Vitalis Chikoko (born 11 February 1991) is a Zimbabwean professional basketball player who last played for SIG Strasbourg of the French LNB Pro A.

== Early life ==
Chikoko started playing basketball at age 12 in Harare.

== Professional career ==
Chikoko started his career in Zimbabwe with the Mbare Heat from Mbare suburb in his hometown Harare. He left in 2011 to play for ASC Göttingen in Germany, before transferring to Basketball Bundesliga club BG Göttingen later that year. After one year with Göttingen, Chikoko transferred to TBB Trier where he would stay for three seasons.

In 2015, Chikoko joined Pallacanestro Reggiana of the Italian Lega Basket Serie A (LBA).

In 2022, Chikoko helped Élan Béarnais win their fourth-ever French Cup by scoring 15 points and grabbing 8 rebounds in the final against SIG Strasbourg. After the game, he was named the French Cup Final MVP. Chikoko was the first African MVP in French basketball history. On 17 May 2023 he was named to the All-Pro A First Team of the 2022–23 season.

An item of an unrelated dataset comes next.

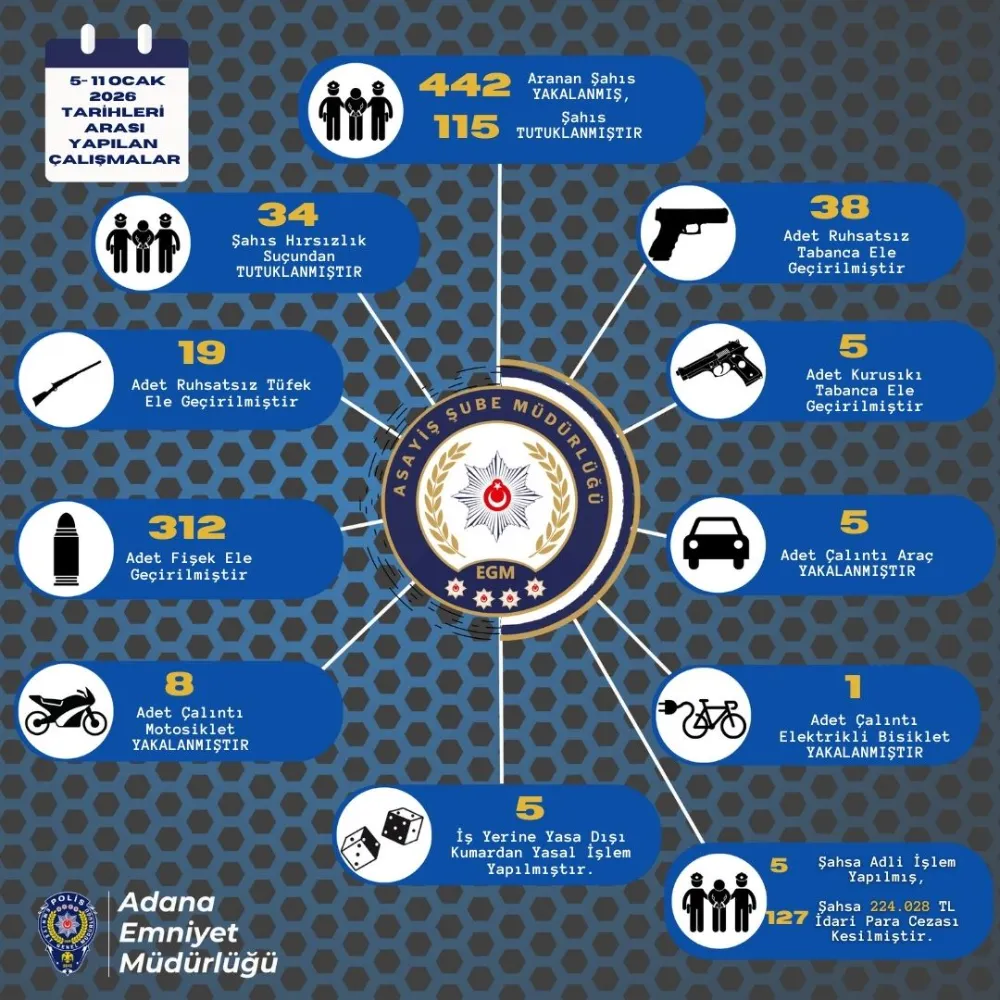 Adana Emniyet Müdürlüğü Asayiş Şube Müdürlüğü, 2026 yılının ilk günlerinde şehrin huzur ve güvenliğini sağlamak için yürüttüğü operasyonlarla suç ve suçlulara geçit vermedi. 5-11 Ocak tarihleri arasında gerçekleştirilen yoğun çalışmalarda, aranan çok sayıda kişi kıskıvrak yakalandı; kesinleşmiş hapis cezası bulunanlar ise adli mercilerce tutuklanarak cezaevine gönderildi.

On 17 July 2023 he signed with JDA Dijon of the LNB Pro A. On 27 April 2024, Dijon won their third French Cup in history, and Chikoko was named the Final MVP. He became the only player to have won two French Cup Final MVP awards.

On June 21, 2024, he signed with SIG Strasbourg of the French LNB Pro A.

== International career ==
Chikoko has previously represented Zimbabwe on the international stage at both the junior and senior levels. He played for his country at the 2008 FIBA Africa Under-18 Championship and the FIBA AfroBasket 2011 qualifying rounds. On FIBA AfroBasket 2015 he averaged 13.4 points, 8.8 rebounds and 1.2 assists per game.

== Personal ==
Chikoko is married and has two children, Nashe-Vitalis and Anaya-Lucy.

He founded Basket Hounds, a basketball team in Harare, Zimbabwe, in 2022. The Hounds play in the national top-level BUZ National Championship.